Now, I say mild, because that's what I keep seeing when I look up information on this particular form of depression, but it doesn't feel particularly mild to me. I've been struggling with it for some time, especially in the past few months. Some days it's so bad that I have trouble getting out of my car to go in to work for the day. Like there is some physical force holding me back.

Any form of depression thoroughly sucks. The best way I can describe mine is...like I'm stuck in a dirt hole. I can see sunlight just slightly out of reach, and there is a ladder right in front of me. Only problem is, every time I try to go for the ladder, shit starts raining down on my head and knocks me down into the dirt. Or sometimes, there are dozens of ladders, but when I touch one, the rungs break and it becomes utterly useless. Basically, I can see what is wrong, and I am surrounded by dozens of solutions, but nothing I try seems to work, and everything else seems...pointless or unattainable. It's been frustratingly hard to work around, and my default threshold for misery seems to rise with every passing week.

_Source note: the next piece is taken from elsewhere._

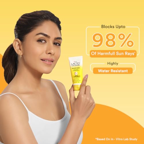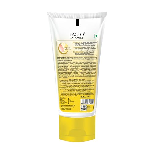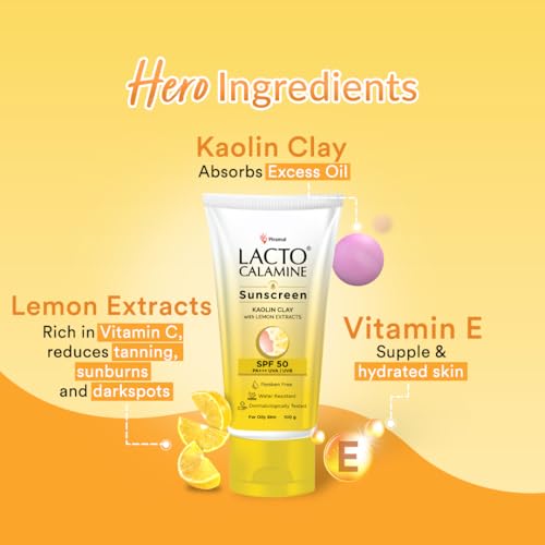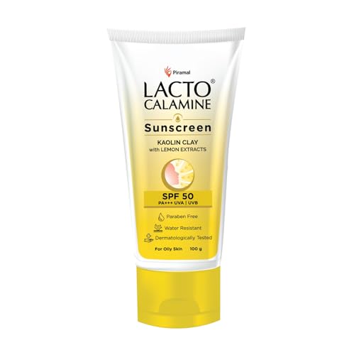 Lacto Calamine Sunscreen SPF 50 | 100g | PA +++ Sunscreen For Oily Skin | UVA â UVB Sunscreen | Water Resistant & No White Cast | With Kaolin Clay Vitamin E & Lemon Extracts | Paraben Free (100 g)

Now...don't get me wrong, I still enjoy aspects of life. I can laugh and smile and have fun, but there's always that oppressive force or knowledge that I haven't made the right choices in my life for anything to have really changed, and so the depression hangs on, a stagnant little parasite feeding off of my own looping thoughts. I don't know if I just have too much time to think, or if I just need some big, positive change in my life. Something to make me feel like I'm making an impact on the world, or at the very least being useful in some capacity. Right now I feel like my days and potential are being wasted away and I don't know how to fix this. I'm trying, but it's hard. I'm still not sure if there's even a solution at all and I fight really hard not to believe that. I don't want to think that I'm going to be like this forever.

Anyway...I'm not exactly sure how to end this post. I did what I really wanted to, which was to get out a mini-update and try to...I don't know, I guess organize my thoughts on my depression. I'm hoping it will help me get a handle on things. Either way, I'm going to keep fighting and keep trying, and I'm thankful for the support of all of my friends and family who have been keeping me relatively sane since this all started. Knowing that they care means a lot when everything in my life is so chaotic and scattered.